## [WHAT YOU SHOULD DO]
Images should be left out, and everything else in the listing reproduced exactly.

## [DATA]
⟨
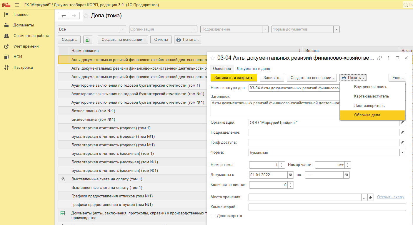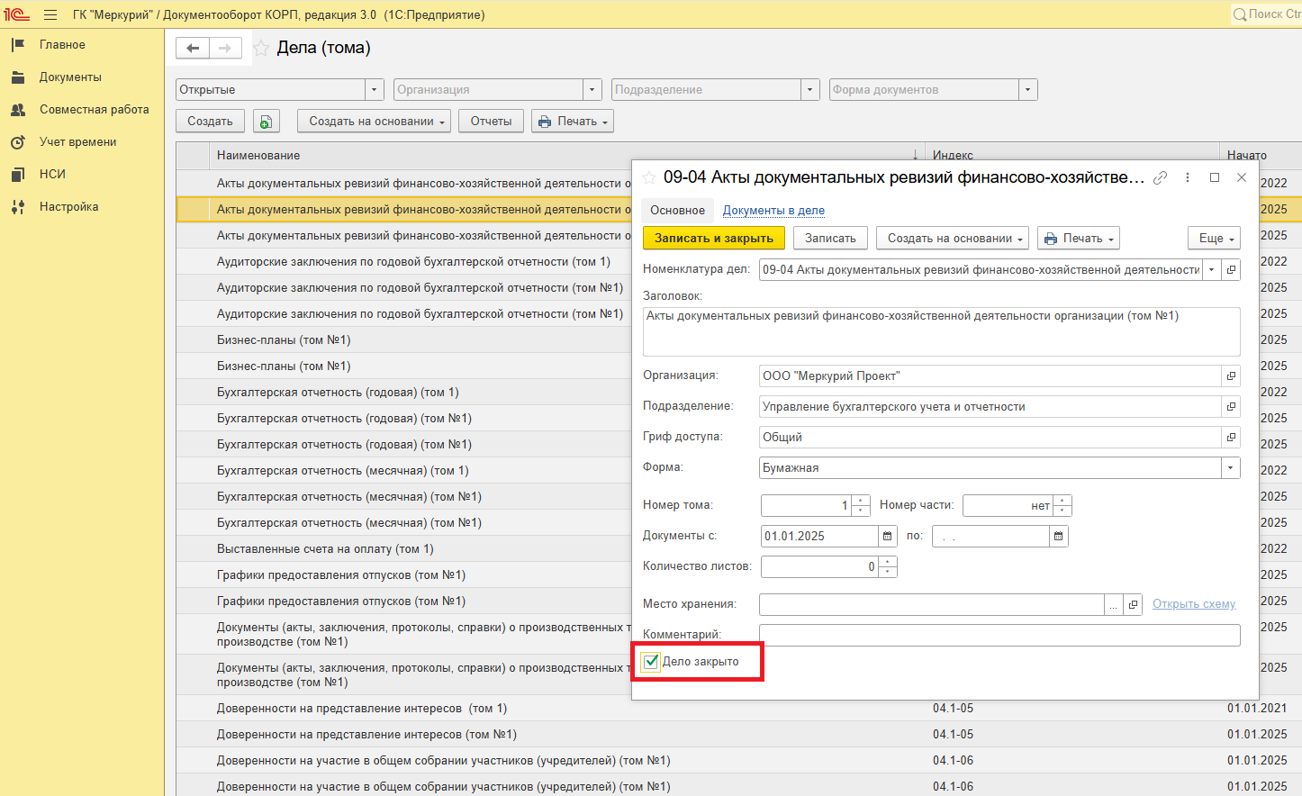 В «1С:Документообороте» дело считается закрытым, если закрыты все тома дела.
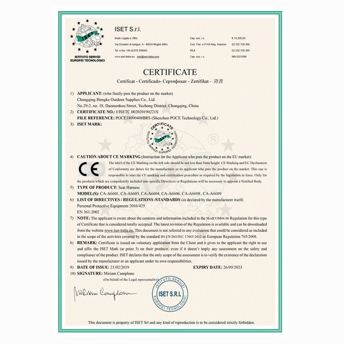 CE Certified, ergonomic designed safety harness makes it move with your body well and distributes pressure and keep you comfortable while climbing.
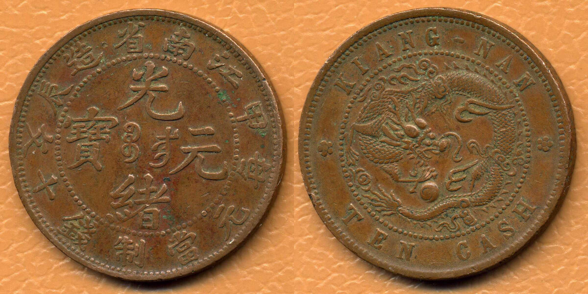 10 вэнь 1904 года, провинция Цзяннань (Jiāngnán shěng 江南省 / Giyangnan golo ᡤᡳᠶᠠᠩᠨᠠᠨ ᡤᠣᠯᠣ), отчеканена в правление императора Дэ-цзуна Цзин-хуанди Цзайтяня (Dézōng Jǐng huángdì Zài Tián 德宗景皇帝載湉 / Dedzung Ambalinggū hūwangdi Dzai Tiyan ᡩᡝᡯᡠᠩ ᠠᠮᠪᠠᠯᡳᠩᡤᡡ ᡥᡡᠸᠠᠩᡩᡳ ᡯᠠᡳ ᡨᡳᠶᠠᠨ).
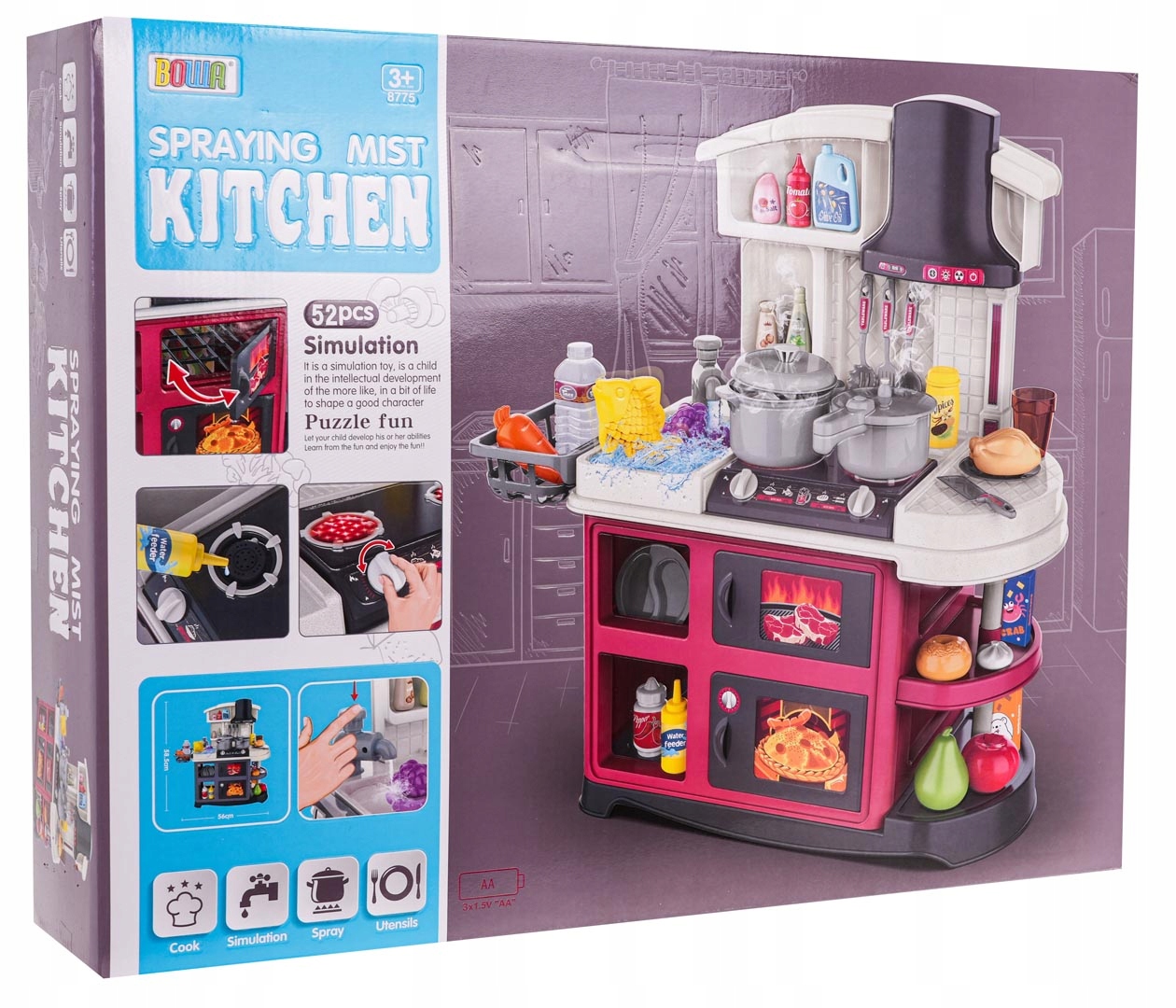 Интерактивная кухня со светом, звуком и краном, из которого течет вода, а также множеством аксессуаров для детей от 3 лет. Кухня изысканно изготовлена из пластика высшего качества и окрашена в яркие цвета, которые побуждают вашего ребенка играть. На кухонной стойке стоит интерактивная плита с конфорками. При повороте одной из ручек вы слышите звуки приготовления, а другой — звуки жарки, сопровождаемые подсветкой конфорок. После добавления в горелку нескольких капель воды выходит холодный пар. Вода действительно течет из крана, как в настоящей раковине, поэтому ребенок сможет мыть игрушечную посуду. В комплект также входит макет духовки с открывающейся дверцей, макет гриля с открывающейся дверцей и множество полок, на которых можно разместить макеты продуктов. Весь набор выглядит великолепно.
⟩
## [RESPONSE TO THIS TASK]
 В «1С:Документообороте» дело считается закрытым, если закрыты все тома дела.
 CE Certified, ergonomic designed safety harness makes it move with your body well and distributes pressure and keep you comfortable while climbing.
 10 вэнь 1904 года, провинция Цзяннань (Jiāngnán shěng 江南省 / Giyangnan golo ᡤᡳᠶᠠᠩᠨᠠᠨ ᡤᠣᠯᠣ), отчеканена в правление императора Дэ-цзуна Цзин-хуанди Цзайтяня (Dézōng Jǐng huángdì Zài Tián 德宗景皇帝載湉 / Dedzung Ambalinggū hūwangdi Dzai Tiyan ᡩᡝᡯᡠᠩ ᠠᠮᠪᠠᠯᡳᠩᡤᡡ ᡥᡡᠸᠠᠩᡩᡳ ᡯᠠᡳ ᡨᡳᠶᠠᠨ).
 Интерактивная кухня со светом, звуком и краном, из которого течет вода, а также множеством аксессуаров для детей от 3 лет. Кухня изысканно изготовлена из пластика высшего качества и окрашена в яркие цвета, которые побуждают вашего ребенка играть. На кухонной стойке стоит интерактивная плита с конфорками. При повороте одной из ручек вы слышите звуки приготовления, а другой — звуки жарки, сопровождаемые подсветкой конфорок. После добавления в горелку нескольких капель воды выходит холодный пар. Вода действительно течет из крана, как в настоящей раковине, поэтому ребенок сможет мыть игрушечную посуду. В комплект также входит макет духовки с открывающейся дверцей, макет гриля с открывающейся дверцей и множество полок, на которых можно разместить макеты продуктов. Весь набор выглядит великолепно.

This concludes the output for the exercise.